Oscar-nominated actress Gabourey Sidibe took the world by storm when she starred in the Lee Daniels-directed film Precious. In her memoir, Sidibe takes us on her journey to becoming an actress, she gives us glimpses into her personal life growing up, and even shares how she landed a job as a sex “talker.” If you have ever felt different or simply didn’t fit in but knew you were special, this book is for you.

4. What It Means When a Man Falls from the Sky: Stories by Lesley Nneka Arimah

What It Means When a Man Falls from the Sky

I have heard so many good things about this book, it’s broken up into different stories. With this book, I haven’t read many of the reviews or even delved into the plot surrounding each story. When I read it, it will all be a complete surprise.

5. Behold the Dreamers by Imbolo Mbue

Behold the Dreamers

This book is now Oprah’s book club selection for the summer, the story is about a young Cameroonian couple making a new life in New York just as the Great Recession upends the economy. It’s a story about race, class, the immigrant experience in America, and the age old story of chasing the American dream.

6. Stay with Me (Strickland Sisters Book 1) by Alexandria House

Stay With Me

Twice unlucky in love, natural hair vlogger, Angela Strickland, has settled into a life centered around avoiding men and relationships like the plague.
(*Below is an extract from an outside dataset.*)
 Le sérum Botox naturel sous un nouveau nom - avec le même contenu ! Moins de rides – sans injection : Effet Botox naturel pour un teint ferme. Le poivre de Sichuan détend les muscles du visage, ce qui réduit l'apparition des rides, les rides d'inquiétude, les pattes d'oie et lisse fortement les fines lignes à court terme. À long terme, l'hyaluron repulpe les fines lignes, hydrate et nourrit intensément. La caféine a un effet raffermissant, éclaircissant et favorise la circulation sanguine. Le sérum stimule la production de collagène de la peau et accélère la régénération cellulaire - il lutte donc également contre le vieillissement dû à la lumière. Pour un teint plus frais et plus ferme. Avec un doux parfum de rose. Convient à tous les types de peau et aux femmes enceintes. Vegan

Unwilling to risk another broken heart, she resigns herself to being a perpetually single woman.

Corporate man and self-professed womanizer, Ryan Boyé, doesn’t believe in relationships or love and thinks anyone who does is a fool. But there’s just something about Angela Strickland he can’t shake…

When these two cross paths, their attraction to one another is undeniable. Will they find that the love they’ve both evaded is exactly what they both need?
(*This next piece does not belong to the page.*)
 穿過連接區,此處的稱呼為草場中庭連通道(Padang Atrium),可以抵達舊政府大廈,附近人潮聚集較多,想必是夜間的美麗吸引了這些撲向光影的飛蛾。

There is something about the synopsis that seems very interesting, plus, I have never read a book where the heroine was a natural hair vlogger.

7. The Lover by Nia Forrester

The Lover by Nia Forrester

I love the way Nia Forrester tells a story and the whole notion of a woman wanting a baby and ends up with a man that she can’t shake seems like a very interesting read.
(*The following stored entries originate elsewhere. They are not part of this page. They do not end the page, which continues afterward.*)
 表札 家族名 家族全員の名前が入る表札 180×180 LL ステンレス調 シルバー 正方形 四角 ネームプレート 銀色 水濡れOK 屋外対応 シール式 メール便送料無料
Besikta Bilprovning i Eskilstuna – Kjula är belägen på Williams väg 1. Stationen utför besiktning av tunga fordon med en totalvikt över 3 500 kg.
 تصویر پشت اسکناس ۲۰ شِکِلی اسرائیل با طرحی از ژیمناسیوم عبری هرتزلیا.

Ryann Walker knows she’s a difficult woman; difficult enough that it would take a rare, and special breed of man to take her on permanently. Thankfully, she isn’t looking for that. What she does want is a baby. And after a rash decision made during a one-night stand, she just may be having one, with the very successful, good-looking, but completely wrong for her, Spencer Hall.

But once Spencer learns that he may become a father, Ryann just can’t shake him. He isn’t interested in being an absentee parent; and she isn’t interested in having a man hang around who is hell-bent on crawling into her heart, breaking down her defenses and unearthing all her secrets, including the ugliest one of all.

8. Ezekiel’s Passion: Bluette Men Series Book Two by Bailey West

Bailey West

This book can be read as a standalone, however, if you want to read the first book in the series start here. I read “Blue’s Beauty,” which is book one in the series and absolutely loved it!

“I’m not looking for a main chick, side chick, wife or baby momma. I’m not even looking for a friend. I’m an eternal bachelor.” Ezekiel lived by those words until one simple word changed his life… “up.”

Zora had experienced hurt and disappointment. She was not looking to alter her life to be in a relationship. She was determined that a man would not change her mind but maybe a boy would…

9. The Fire This Time: A New Generation Speaks about Race by Jesmyn Ward

The Fire This Time: A New Generation Speaks about Race

I have had this book in my kindle for a couple of months and every time I decide I am going to read it something comes up. But this summer I am going to tackle this book, I love hearing different viewpoints on race and racism.

In a collection of essays and poems, Jesmyn Ward takes on race and racisms and brings on original thinkers and writers to speak on contemporary racism and race, including Carol Anderson, Jericho Brown, Edwidge Danticat, Kevin Young, Claudia Rankine, and Honoree Jeffers.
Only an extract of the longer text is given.